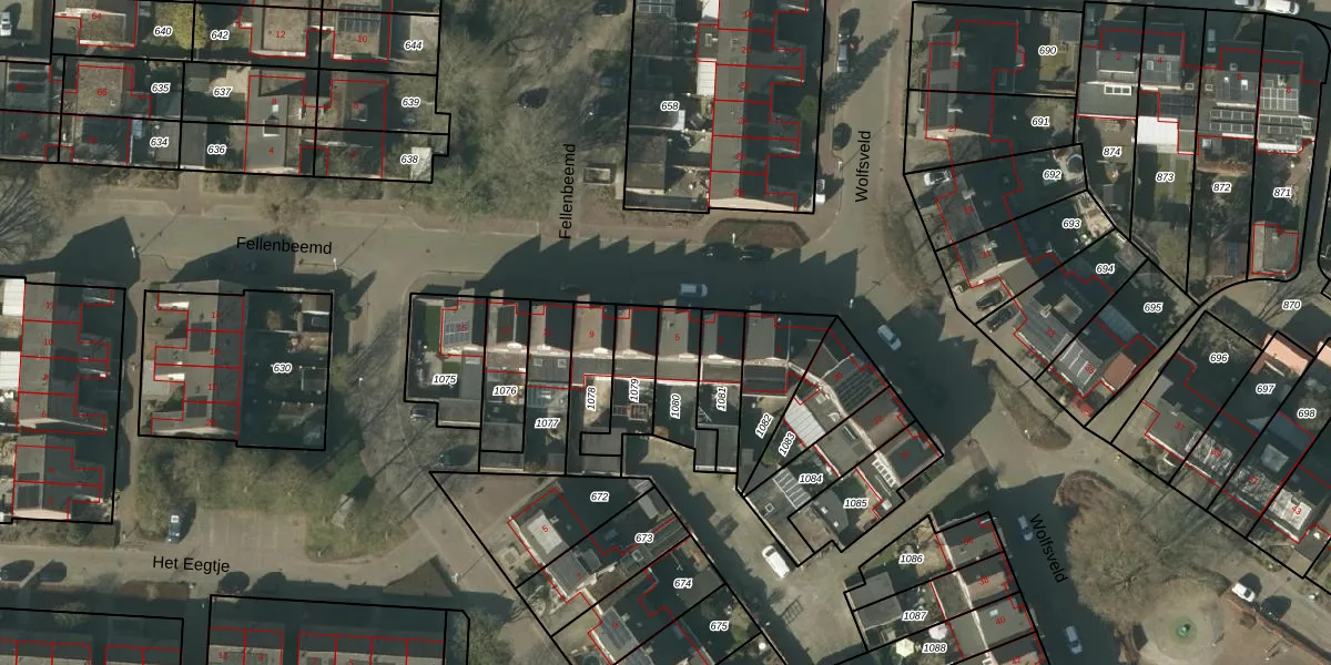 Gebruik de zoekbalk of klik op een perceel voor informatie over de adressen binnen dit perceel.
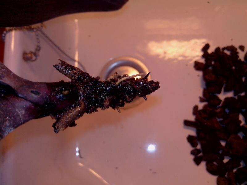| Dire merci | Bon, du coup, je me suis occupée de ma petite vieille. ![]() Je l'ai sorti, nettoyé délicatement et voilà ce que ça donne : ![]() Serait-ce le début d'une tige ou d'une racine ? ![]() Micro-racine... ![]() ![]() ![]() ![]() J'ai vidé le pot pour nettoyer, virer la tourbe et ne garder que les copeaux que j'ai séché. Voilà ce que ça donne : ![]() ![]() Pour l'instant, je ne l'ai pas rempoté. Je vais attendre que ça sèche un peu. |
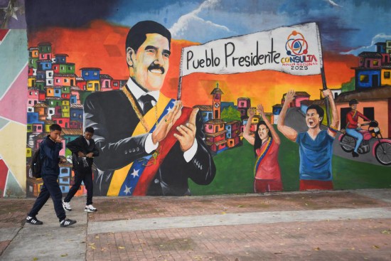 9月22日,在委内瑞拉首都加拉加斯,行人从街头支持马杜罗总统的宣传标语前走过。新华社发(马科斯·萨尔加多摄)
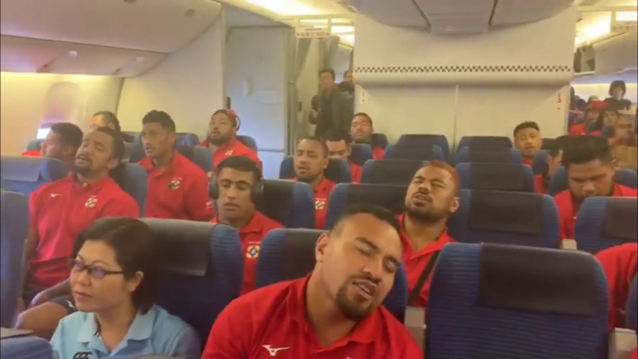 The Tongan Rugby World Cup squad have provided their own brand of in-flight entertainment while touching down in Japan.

**Work request**: A faithful, word-for-word copy of the data is needed; the pictures should not appear in it.

**Exercise result**:
 Gebruik de zoekbalk of klik op een perceel voor informatie over de adressen binnen dit perceel.
| Dire merci | Bon, du coup, je me suis occupée de ma petite vieille. ![]() Je l'ai sorti, nettoyé délicatement et voilà ce que ça donne : ![]() Serait-ce le début d'une tige ou d'une racine ? ![]() Micro-racine... ![]() ![]() ![]() ![]() J'ai vidé le pot pour nettoyer, virer la tourbe et ne garder que les copeaux que j'ai séché. Voilà ce que ça donne : ![]() ![]() Pour l'instant, je ne l'ai pas rempoté. Je vais attendre que ça sèche un peu. |
 9月22日,在委内瑞拉首都加拉加斯,行人从街头支持马杜罗总统的宣传标语前走过。新华社发(马科斯·萨尔加多摄)
 The Tongan Rugby World Cup squad have provided their own brand of in-flight entertainment while touching down in Japan.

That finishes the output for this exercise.